The time that Lemon ate, and then proceeded to throw up my sock, was… distressing. When shortly afterward, she pooped out the other sock, I was incredibly relieved. Of course, we don’t want our dog eating socks to begin with, but shit happens. Since she was a pup, her little teeth and chewing abilities have meant that she’ll easily destroy toys or things that aren’t actually toys, so monitoring her to see if she’s passed them is important. We usually wait a week if we know she’s consumed something she shouldn’t, but it really only takes a few days to see the fruits of her rogue menu. You can learn a lot about what your pup has been into by looking at, and genuinely considering their poo. If you’re squeamish, sorry ‘bout it.

7. Your training tools will evolve.

Being in an apartment and a major city meant that we were extra concerned about training her to behave well. We couldn’t have her running away on her leash through traffic, or barking all night and keeping our neighbors awake. As a puppy, we started with some calming bites, a beeping bark-collar, a pheromone plug-in, a clicker, and tons of positive reinforcement. 

As she got older, we loosened the grip (literally) and got a collar that beeps, vibrates and shocks to work on recall. Eventually, as she’s matured further, we’ve just switched to a claw collar and a leash that I can wear around my waist. Of course, we always try to use positive reinforcement, and that’s worked well. But there are times when the beep collar saved our sanity, or the calming bites helped us all get some sleep. Be consistent in your training, but also be open to adjusting your technique as they grow.

8. You will take 1 million pictures of your dog doing *literally* nothing.

Just get more storage on your phone now because it’s inevitable. 

The day our sweet Lemon made us parents.

9. You’ll love them more than you know.

I’m obsessed with our dog. Recently, the question of traveling was posed and I almost declined the trip because I wasn’t ready to leave her in the care of a stranger. To be honest, I still am hesitant. She’s a lot of work, and outside of our family, I get pretty anxious imagining her being in someone else’s home because her habitsーthat have become so much a part of our livesーmay be difficult for someone else to manage. Traveling is one of my favorite things in the whole wide world, so it was a shock to me that I wouldn’t be able to part with her, but that’s just who I am now, and I wouldn’t change it for the world.

10. They become your children.

My final essential lesson about getting a puppy will be obvious to all the dog parents out there.
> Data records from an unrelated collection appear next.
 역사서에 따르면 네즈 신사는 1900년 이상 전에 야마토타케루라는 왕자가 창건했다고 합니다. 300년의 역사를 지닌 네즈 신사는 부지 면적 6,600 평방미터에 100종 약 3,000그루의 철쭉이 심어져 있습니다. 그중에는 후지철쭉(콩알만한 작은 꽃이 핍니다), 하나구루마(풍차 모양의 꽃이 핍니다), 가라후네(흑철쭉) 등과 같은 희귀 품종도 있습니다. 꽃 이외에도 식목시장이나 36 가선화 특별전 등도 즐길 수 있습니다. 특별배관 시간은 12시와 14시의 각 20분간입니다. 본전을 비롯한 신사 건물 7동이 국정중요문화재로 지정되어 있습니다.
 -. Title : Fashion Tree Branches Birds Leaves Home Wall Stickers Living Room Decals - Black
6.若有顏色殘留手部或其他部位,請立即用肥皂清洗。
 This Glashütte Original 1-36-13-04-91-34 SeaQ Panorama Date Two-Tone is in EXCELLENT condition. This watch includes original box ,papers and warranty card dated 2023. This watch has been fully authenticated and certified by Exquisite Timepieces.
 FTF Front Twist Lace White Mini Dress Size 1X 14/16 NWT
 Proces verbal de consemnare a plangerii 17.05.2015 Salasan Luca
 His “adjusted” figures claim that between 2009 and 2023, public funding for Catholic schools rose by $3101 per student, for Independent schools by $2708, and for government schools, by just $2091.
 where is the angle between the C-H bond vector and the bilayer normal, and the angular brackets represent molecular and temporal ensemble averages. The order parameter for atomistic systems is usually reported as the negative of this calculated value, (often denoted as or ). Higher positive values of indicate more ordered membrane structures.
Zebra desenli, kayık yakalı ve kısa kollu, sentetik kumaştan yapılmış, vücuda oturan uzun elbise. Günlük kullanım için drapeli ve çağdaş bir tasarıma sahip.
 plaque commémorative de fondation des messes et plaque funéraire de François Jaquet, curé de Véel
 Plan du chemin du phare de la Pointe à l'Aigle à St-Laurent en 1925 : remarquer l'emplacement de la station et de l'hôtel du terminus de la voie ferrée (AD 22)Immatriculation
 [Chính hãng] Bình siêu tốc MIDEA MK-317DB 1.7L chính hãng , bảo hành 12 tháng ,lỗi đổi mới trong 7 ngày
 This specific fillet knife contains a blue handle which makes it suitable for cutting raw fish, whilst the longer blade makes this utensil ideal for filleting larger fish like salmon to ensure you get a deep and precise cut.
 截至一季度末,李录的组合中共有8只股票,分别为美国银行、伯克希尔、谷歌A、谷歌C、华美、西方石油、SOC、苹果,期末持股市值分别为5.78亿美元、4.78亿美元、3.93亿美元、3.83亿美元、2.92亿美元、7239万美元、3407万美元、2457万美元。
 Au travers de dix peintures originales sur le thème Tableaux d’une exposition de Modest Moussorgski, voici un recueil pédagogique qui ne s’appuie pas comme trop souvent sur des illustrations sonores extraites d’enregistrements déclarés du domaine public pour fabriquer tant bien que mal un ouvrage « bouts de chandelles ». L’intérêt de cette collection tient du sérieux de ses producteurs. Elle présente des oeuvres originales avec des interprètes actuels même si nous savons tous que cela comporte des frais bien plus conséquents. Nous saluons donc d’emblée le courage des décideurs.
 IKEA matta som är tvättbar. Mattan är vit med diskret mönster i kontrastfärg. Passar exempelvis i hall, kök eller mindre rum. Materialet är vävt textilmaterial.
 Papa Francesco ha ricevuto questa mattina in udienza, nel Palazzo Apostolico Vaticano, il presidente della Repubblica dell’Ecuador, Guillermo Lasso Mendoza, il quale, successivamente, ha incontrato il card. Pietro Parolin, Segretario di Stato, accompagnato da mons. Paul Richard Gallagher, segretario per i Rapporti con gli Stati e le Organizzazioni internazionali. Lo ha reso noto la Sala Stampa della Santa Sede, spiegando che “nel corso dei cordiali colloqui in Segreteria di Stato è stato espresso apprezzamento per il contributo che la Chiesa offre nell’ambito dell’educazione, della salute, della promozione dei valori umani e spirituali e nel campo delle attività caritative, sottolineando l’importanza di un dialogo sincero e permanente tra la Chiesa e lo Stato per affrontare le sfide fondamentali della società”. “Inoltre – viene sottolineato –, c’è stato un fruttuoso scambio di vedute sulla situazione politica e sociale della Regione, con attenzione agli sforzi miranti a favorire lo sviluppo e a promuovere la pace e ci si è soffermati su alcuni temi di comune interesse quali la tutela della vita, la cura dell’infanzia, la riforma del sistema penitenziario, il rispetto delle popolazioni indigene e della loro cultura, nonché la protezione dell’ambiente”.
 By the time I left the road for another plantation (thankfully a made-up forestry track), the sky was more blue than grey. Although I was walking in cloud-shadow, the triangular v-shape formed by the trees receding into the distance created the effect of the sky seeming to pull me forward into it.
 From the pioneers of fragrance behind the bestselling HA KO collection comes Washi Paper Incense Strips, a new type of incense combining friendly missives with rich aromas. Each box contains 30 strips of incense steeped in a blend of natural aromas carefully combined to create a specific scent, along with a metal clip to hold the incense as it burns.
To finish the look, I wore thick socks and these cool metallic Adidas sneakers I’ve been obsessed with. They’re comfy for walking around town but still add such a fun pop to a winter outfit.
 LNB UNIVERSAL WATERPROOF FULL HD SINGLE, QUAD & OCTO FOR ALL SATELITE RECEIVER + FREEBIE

Contrary to what people may tell you, puppies are a ton of work, and they really are like kids. As someone who doesn’t have a child, but has rambled on about her to my friends that do, they’ve graciously reminded me that she is our child. She’s family, and while we do want kiddos someday, I have no regrets about rounding out our family at 3 right now. She’s been a lesson in how quickly something that starts out “cute” can become a bad habit, and I feel distinctly more prepared for parenthood than I did before she became part of our lives. 

There’s a lot of great advice online about dogs, but I found the most reliable information through The American Kennel Club. We used it as a general guideline for what to expect but also trusted our instincts with her too. We didn’t take her to a formal puppy training class because she responded so well to our training at home, but if you don’t have the time, it’s a great way to build community, and get advice from fellow puppy parents. 

If you’re getting a puppy, congratulations! Send me all of the pics! Just remember that they are a lot of work, but it’s absolutely worth the love and affection you share with your furry friend. Hopefully, my 10 essential lessons about getting a puppy help you out! Now, excuse me while I go cry over all these pictures of my fur-child.